**What is being asked:** Exactly the lines from the one with "학점은행제는 대학교 진학" through the end of the data below must be set down, and no pictures with them.

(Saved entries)
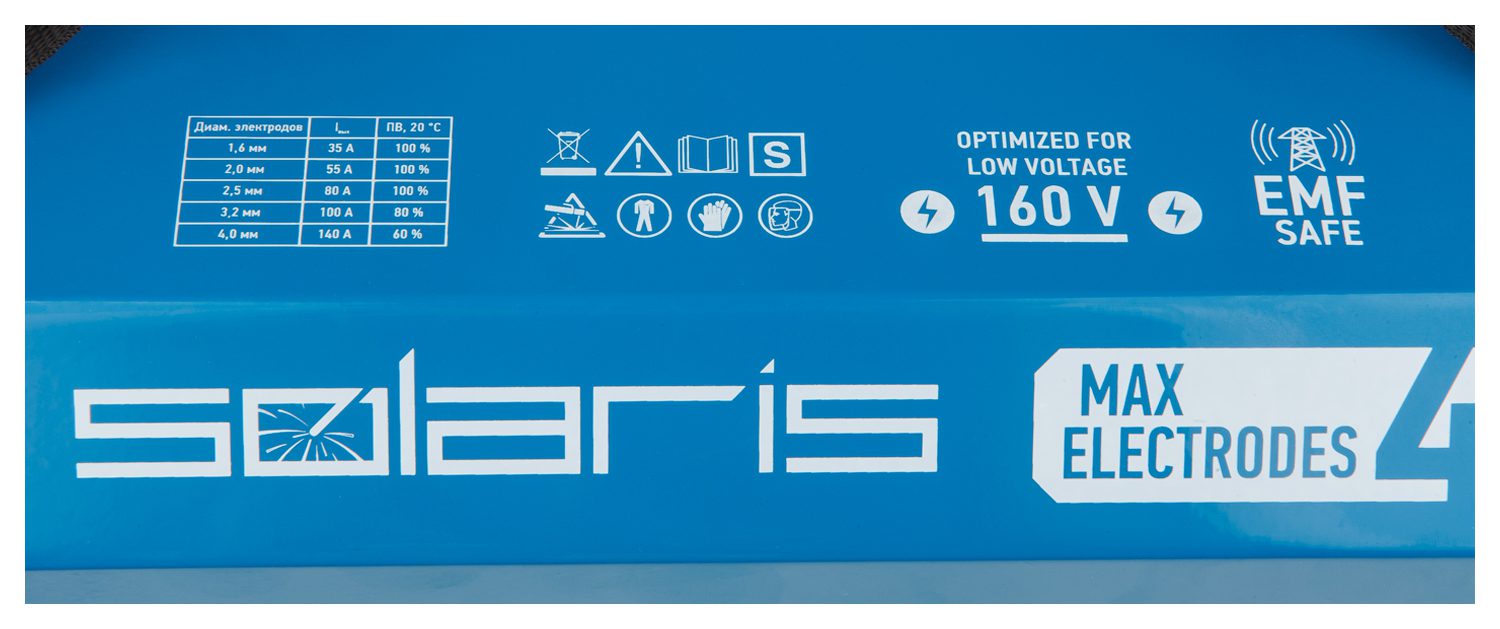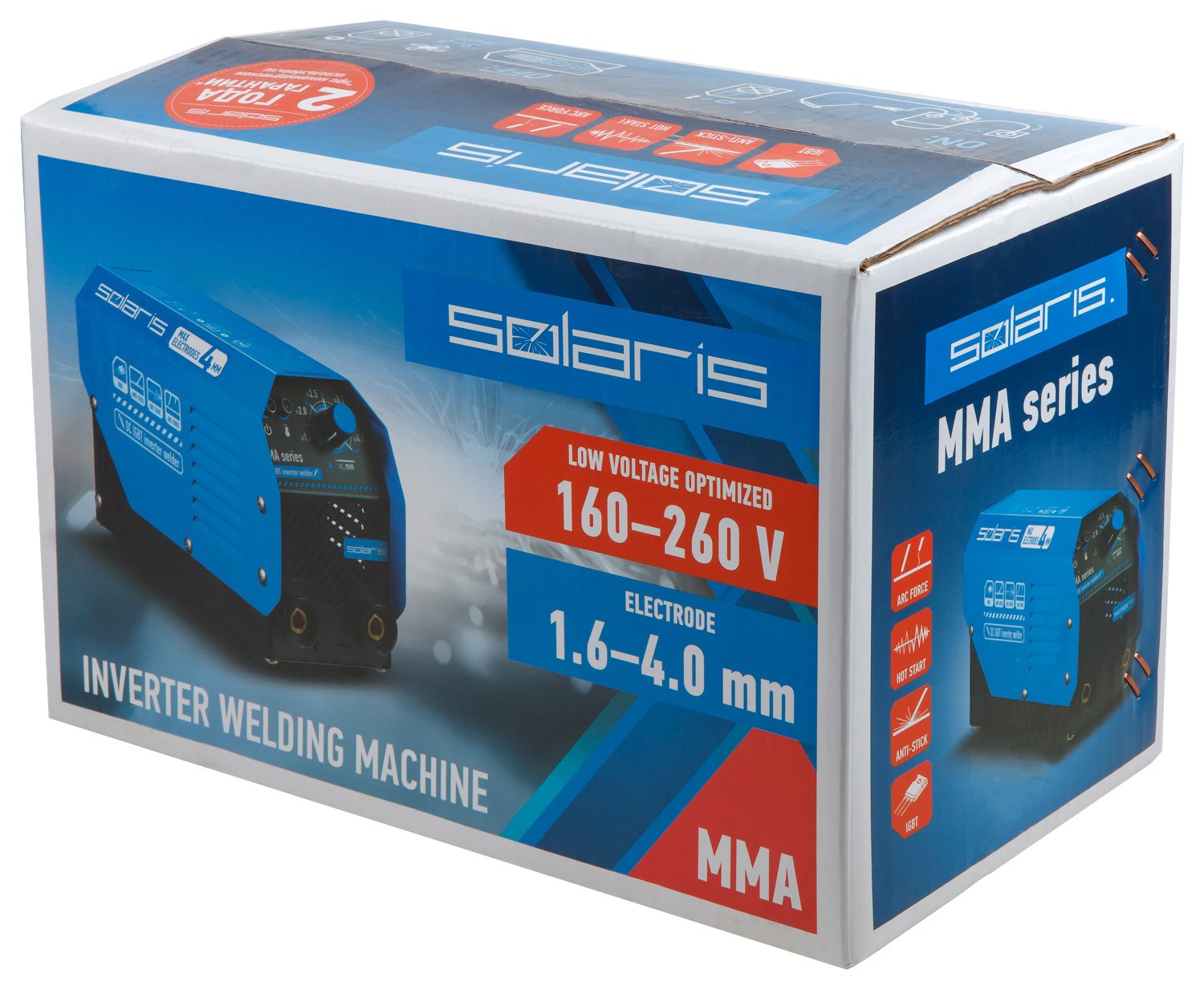 Инвертор сварочный SOLARIS MMA-200D работает на базе 4 шт. современных IGBT-транзисторов. Стабильная работа при входном напряжении от 160В. Функции ArcForce, HotStart, AntiStick. Эффективное охлаждение компонентов. Полностью электронная защита от перегрева более надежна в сравнении с электронно-механическим решением. Сетевой кабель с сечением 2.5мм2 в мягкой резиновой изоляции.
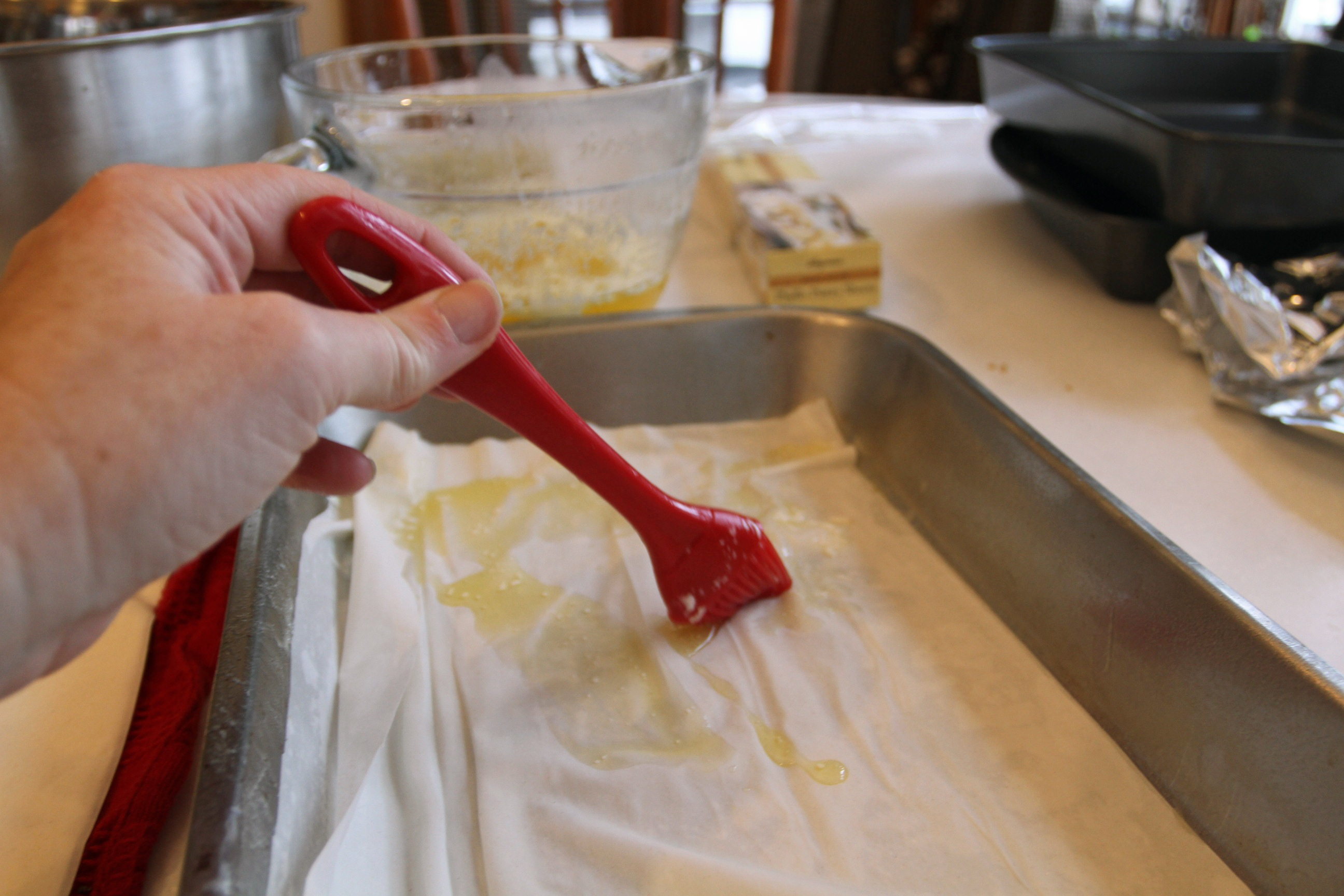Layer two sheets of phyllo dough in the bottom of the pan and brush melted butter over them using the pastry brush.
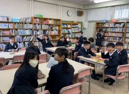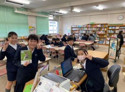 「本」を読む手をちょっと止めて、子どもたちが笑顔を向けてくれました。
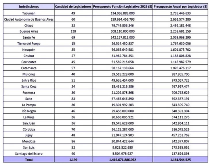 Según el relevamiento Tucumán es la provincia con el mayor gasto anual por legislador, con $2.735 millones, seguida por la Ciudad Autónoma de Buenos Aires ($2.661 millones), Chaco ($2.492 millones) y Buenos Aires ($2.293 millones).
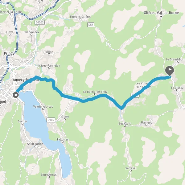 Au rond-point, prendre la 2ème sortie sur D909 (Route de Thônes) et continuer sur 4,5 kilomètres
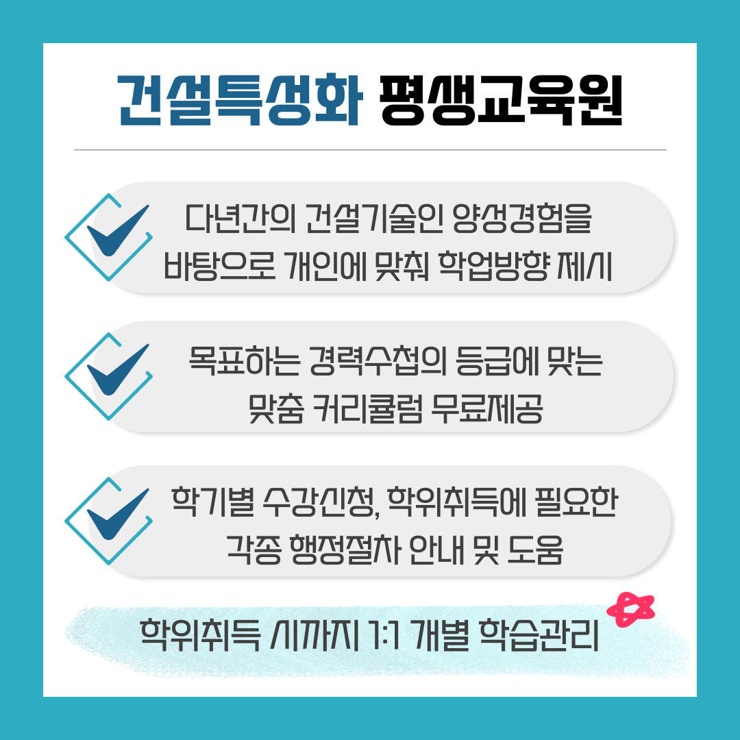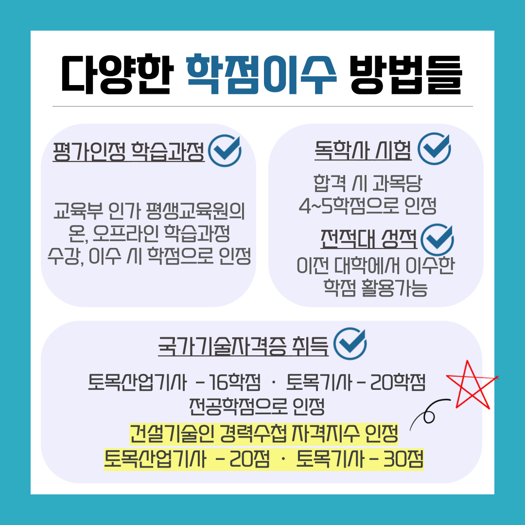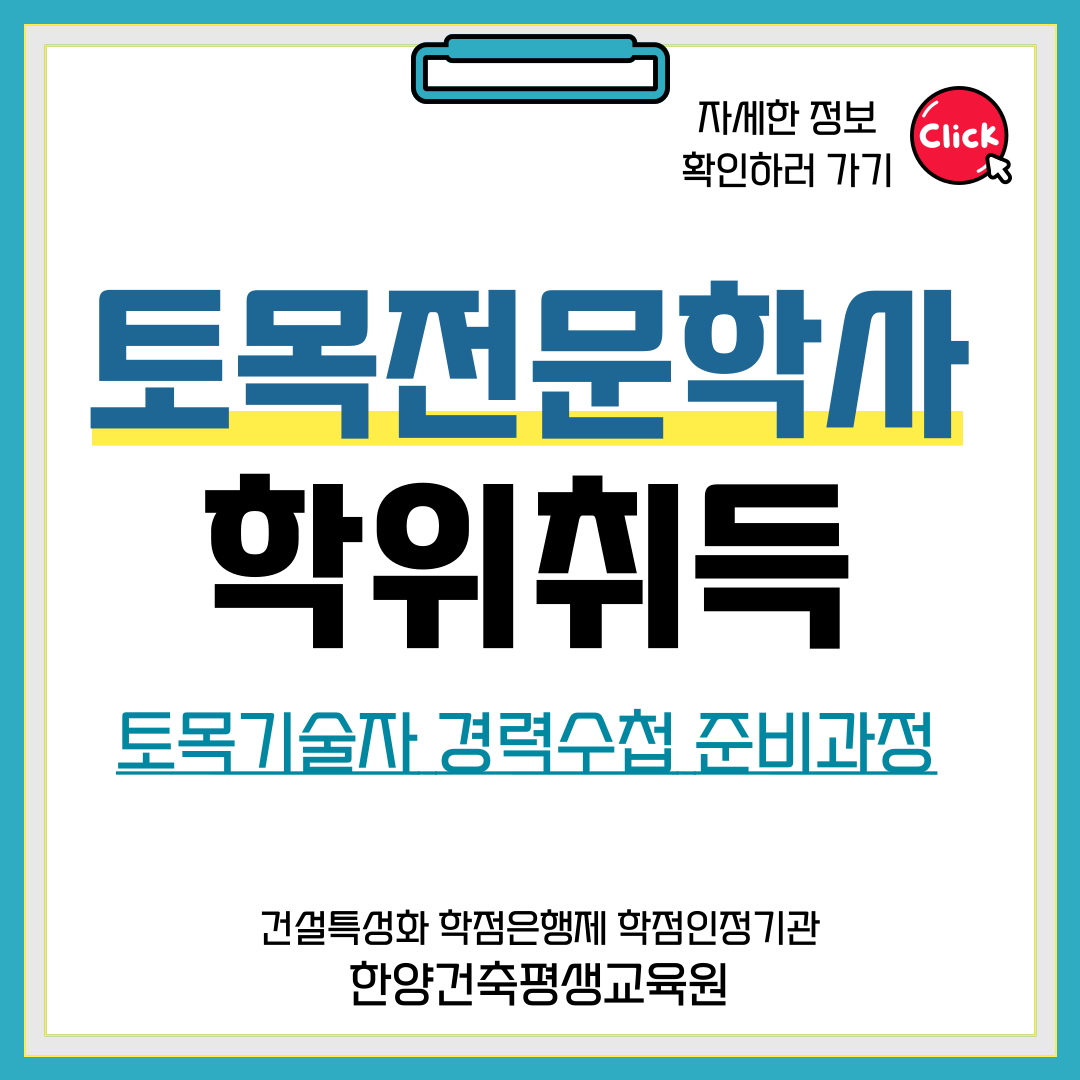 학점은행제는 대학교 진학 외의 방법으로 학점을 이수해 학위를 취득할 수 있는 정부 운영 평생교육 제도로, 토목공학사 학위를 취득하면 기술자 경력 수첩에서 중요한 학력지수를 인정받을 수 있습니다. 이 과정에서 토목기사 자격증을 취득하면, 역량지수를 최대 50점까지 인정받을 수 있어 토목 중급 건설 기술인 자격을 빠르게 갖출 수 있습니다.
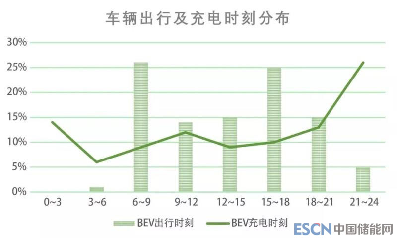 本文將主要通過BEV用戶的充電時刻、次均充電時長進行分析。同時,充電時刻將對比上一章節(jié)的新能源汽車用戶出行時刻分布,次均充電時長將對比次均行駛時長分布,探索BEV用戶出行特征和充電特征之間所呈現(xiàn)的數據分布特點,進一步揭示用戶充電習慣等特點。
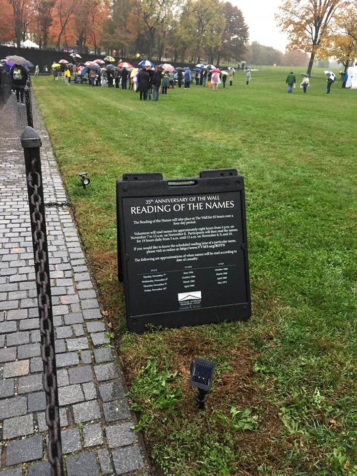 It was raining, gray skies overhead. Because of the weather, it was eerily quiet. The only sound as we stood there in the memorial was the sound of volunteers reading name after name after name of each soldier who had fallen during the Vietnam War. Without knowing it, we’d visited the memorial during the 35th annual reading of the names.

**Response for this exercise:**
 학점은행제는 대학교 진학 외의 방법으로 학점을 이수해 학위를 취득할 수 있는 정부 운영 평생교육 제도로, 토목공학사 학위를 취득하면 기술자 경력 수첩에서 중요한 학력지수를 인정받을 수 있습니다. 이 과정에서 토목기사 자격증을 취득하면, 역량지수를 최대 50점까지 인정받을 수 있어 토목 중급 건설 기술인 자격을 빠르게 갖출 수 있습니다.
 本文將主要通過BEV用戶的充電時刻、次均充電時長進行分析。同時,充電時刻將對比上一章節(jié)的新能源汽車用戶出行時刻分布,次均充電時長將對比次均行駛時長分布,探索BEV用戶出行特征和充電特征之間所呈現(xiàn)的數據分布特點,進一步揭示用戶充電習慣等特點。
 It was raining, gray skies overhead. Because of the weather, it was eerily quiet. The only sound as we stood there in the memorial was the sound of volunteers reading name after name after name of each soldier who had fallen during the Vietnam War. Without knowing it, we’d visited the memorial during the 35th annual reading of the names.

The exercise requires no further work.